▸ **INSTRUCTIONS TO FOLLOW**
From the material below, reproduce exactly the stretch of lines that begins with the line holding "Elegant precious Diamond" and ends with the line holding "Since I arrived", skipping the pictures.

▸ **SOURCE DATA**
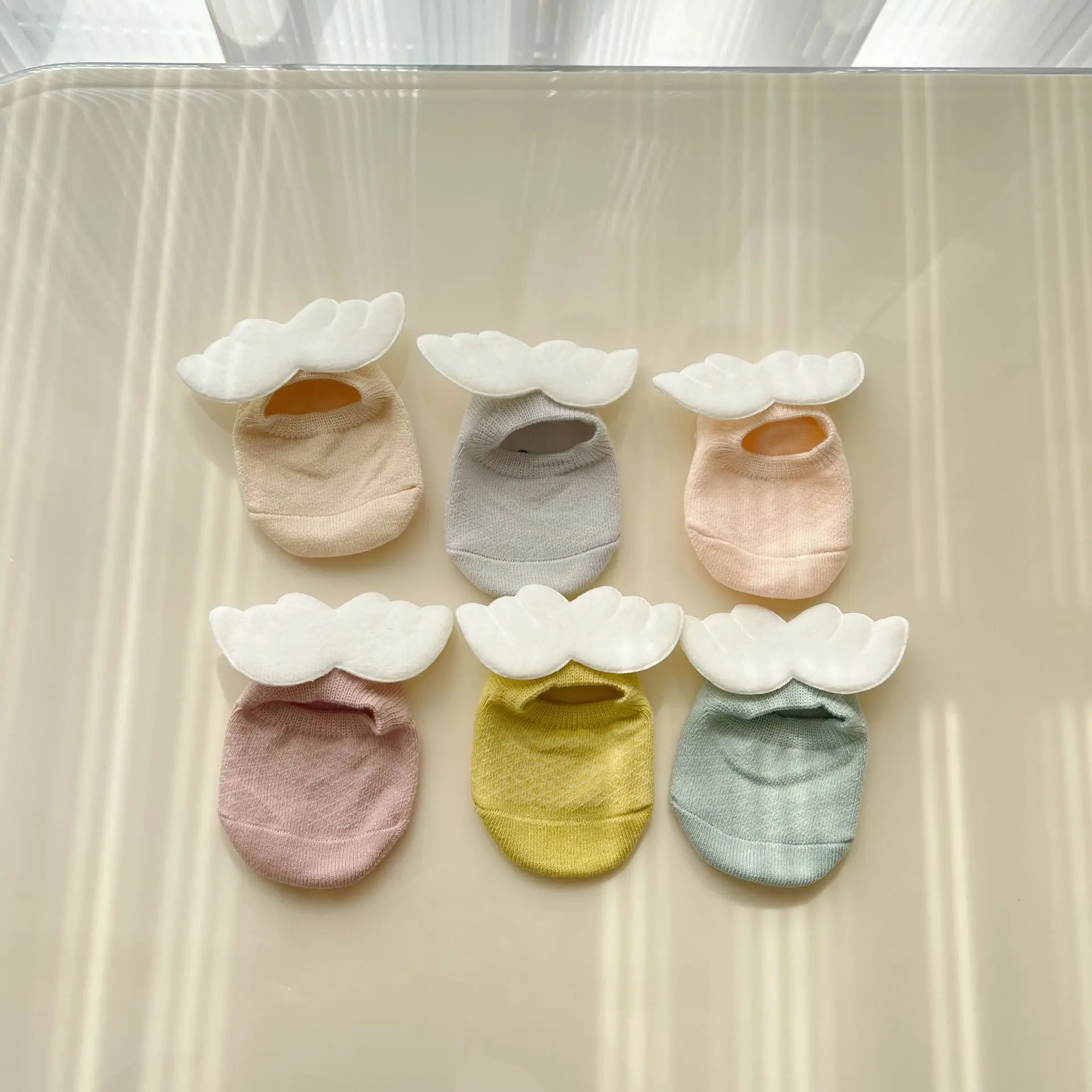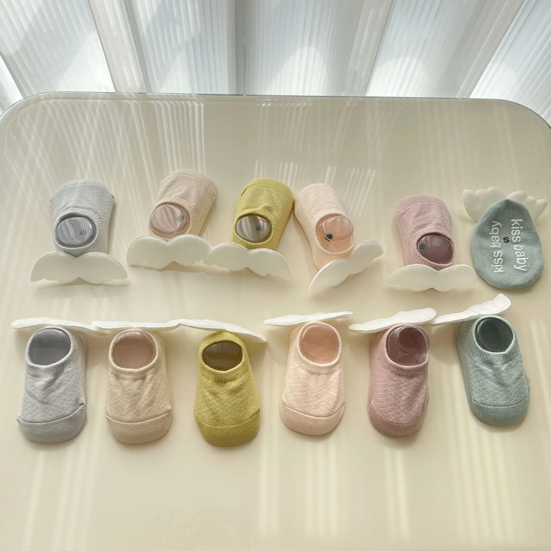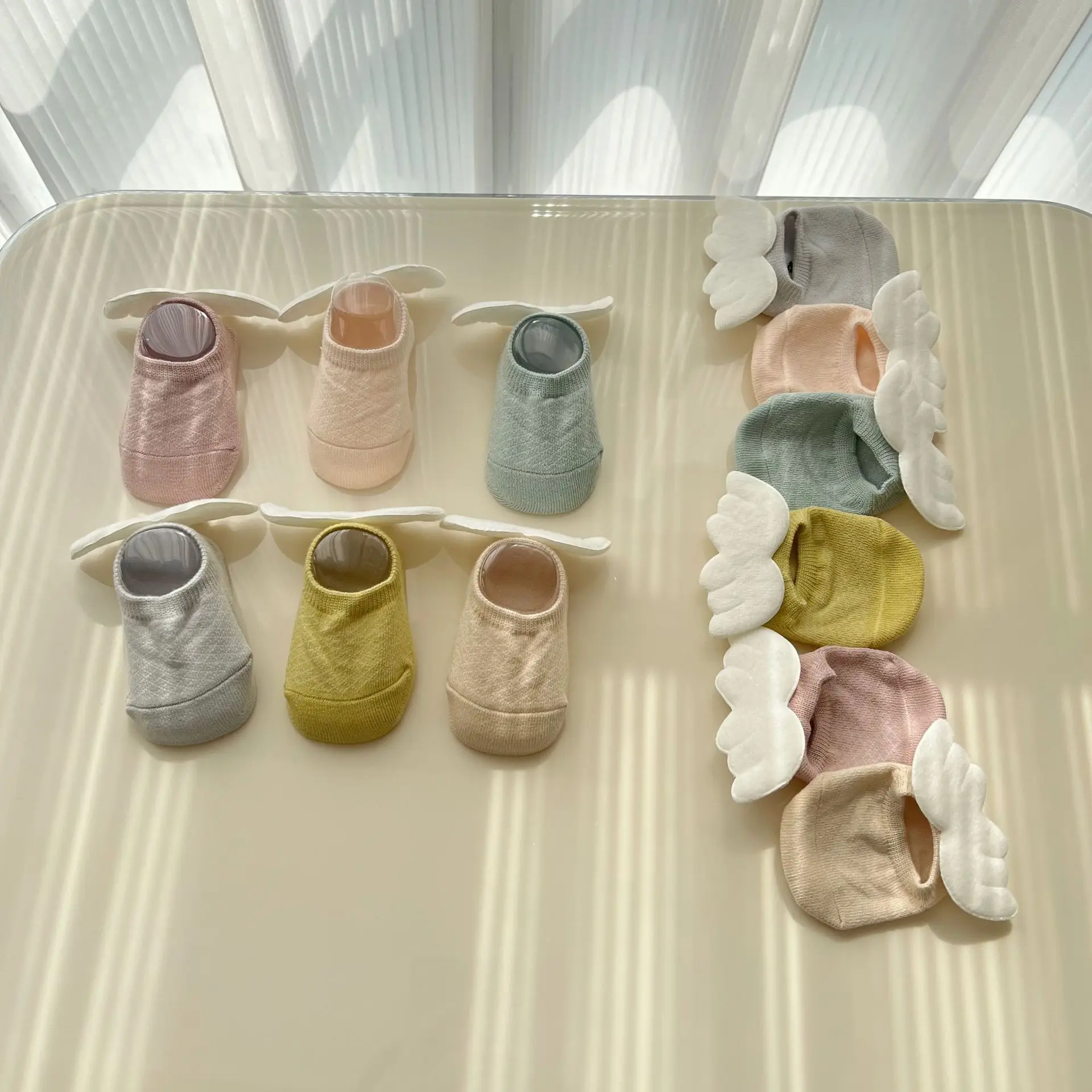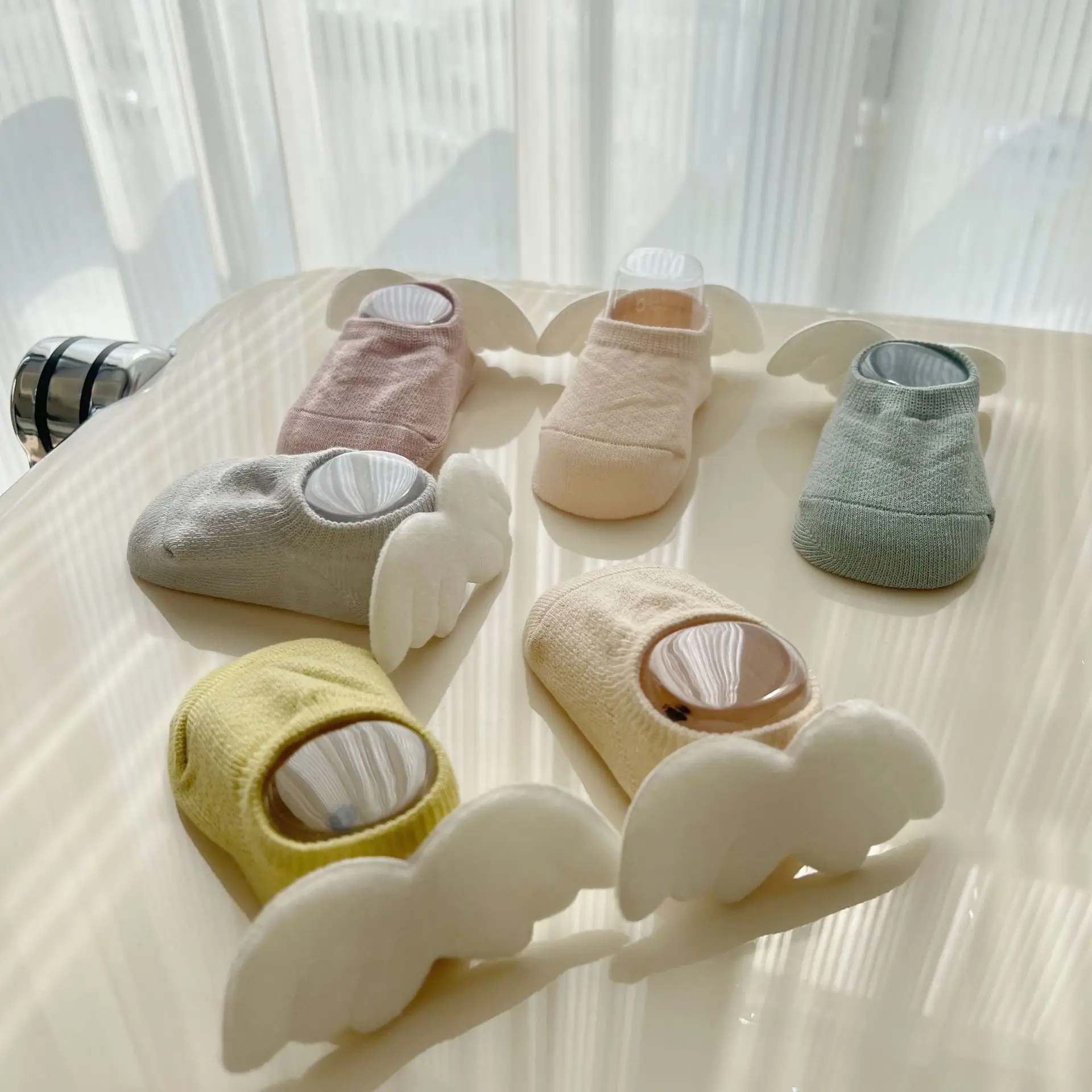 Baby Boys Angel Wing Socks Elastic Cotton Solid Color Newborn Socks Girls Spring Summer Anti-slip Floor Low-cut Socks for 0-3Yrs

...

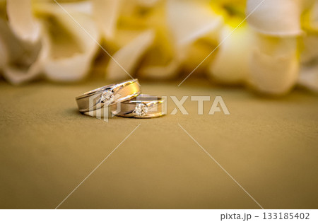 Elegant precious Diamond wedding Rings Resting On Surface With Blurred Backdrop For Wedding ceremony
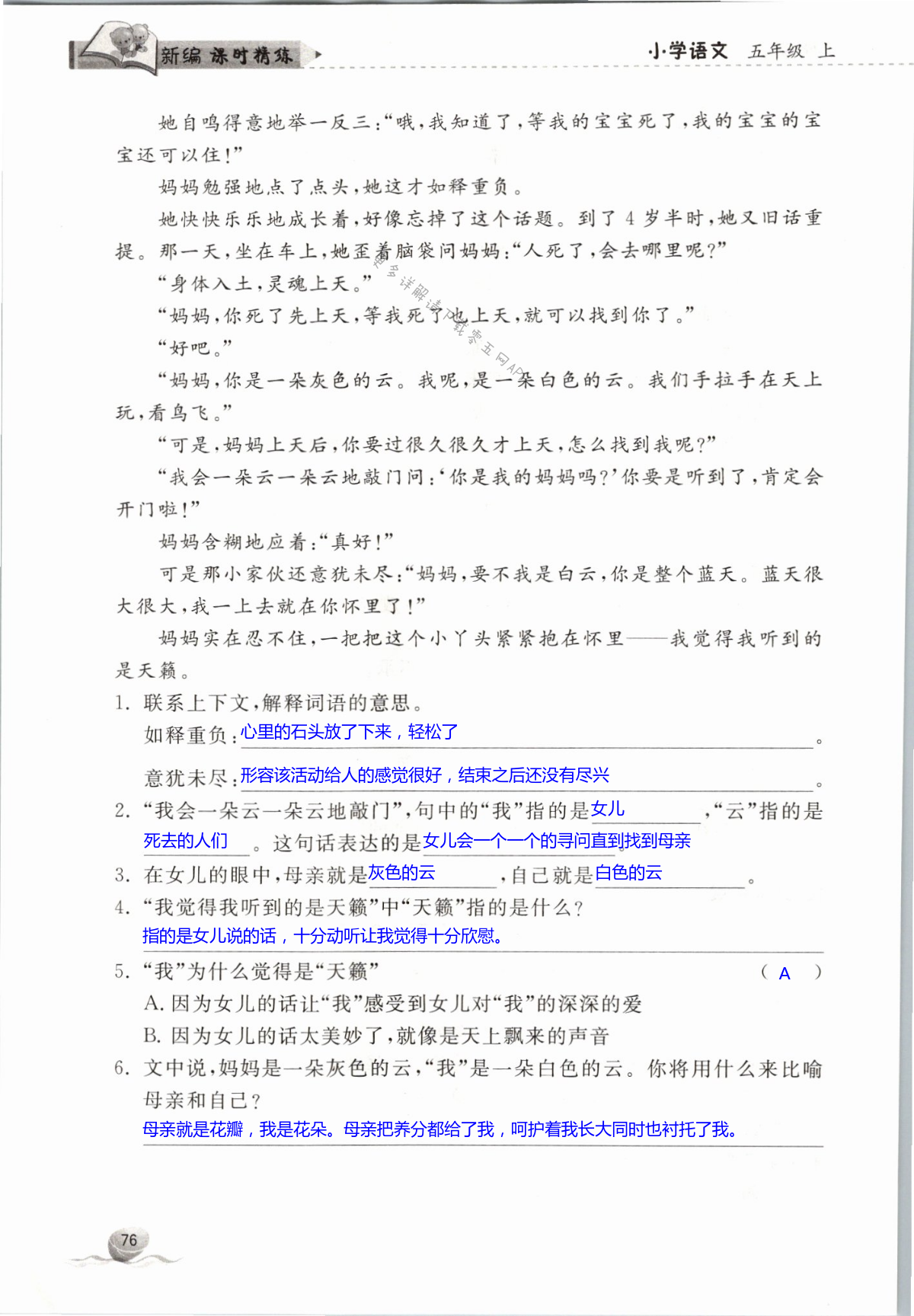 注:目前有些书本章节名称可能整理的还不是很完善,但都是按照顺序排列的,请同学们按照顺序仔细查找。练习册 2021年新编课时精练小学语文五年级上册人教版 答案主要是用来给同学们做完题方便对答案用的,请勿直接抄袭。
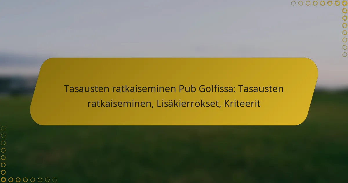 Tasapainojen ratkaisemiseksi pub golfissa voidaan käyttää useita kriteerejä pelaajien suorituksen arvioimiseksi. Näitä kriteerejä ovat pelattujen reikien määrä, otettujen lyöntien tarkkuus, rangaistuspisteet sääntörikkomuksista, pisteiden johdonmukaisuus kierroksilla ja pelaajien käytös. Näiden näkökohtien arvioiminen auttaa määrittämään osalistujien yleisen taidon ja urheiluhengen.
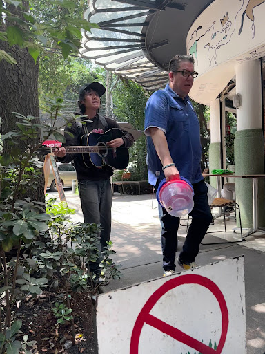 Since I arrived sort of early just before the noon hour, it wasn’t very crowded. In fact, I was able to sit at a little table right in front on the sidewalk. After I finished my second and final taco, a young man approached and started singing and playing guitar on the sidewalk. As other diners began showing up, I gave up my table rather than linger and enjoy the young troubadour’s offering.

▸ **WRITTEN REPLY**
 Elegant precious Diamond wedding Rings Resting On Surface With Blurred Backdrop For Wedding ceremony
 注:目前有些书本章节名称可能整理的还不是很完善,但都是按照顺序排列的,请同学们按照顺序仔细查找。练习册 2021年新编课时精练小学语文五年级上册人教版 答案主要是用来给同学们做完题方便对答案用的,请勿直接抄袭。
 Tasapainojen ratkaisemiseksi pub golfissa voidaan käyttää useita kriteerejä pelaajien suorituksen arvioimiseksi. Näitä kriteerejä ovat pelattujen reikien määrä, otettujen lyöntien tarkkuus, rangaistuspisteet sääntörikkomuksista, pisteiden johdonmukaisuus kierroksilla ja pelaajien käytös. Näiden näkökohtien arvioiminen auttaa määrittämään osalistujien yleisen taidon ja urheiluhengen.
 Since I arrived sort of early just before the noon hour, it wasn’t very crowded. In fact, I was able to sit at a little table right in front on the sidewalk. After I finished my second and final taco, a young man approached and started singing and playing guitar on the sidewalk. As other diners began showing up, I gave up my table rather than linger and enjoy the young troubadour’s offering.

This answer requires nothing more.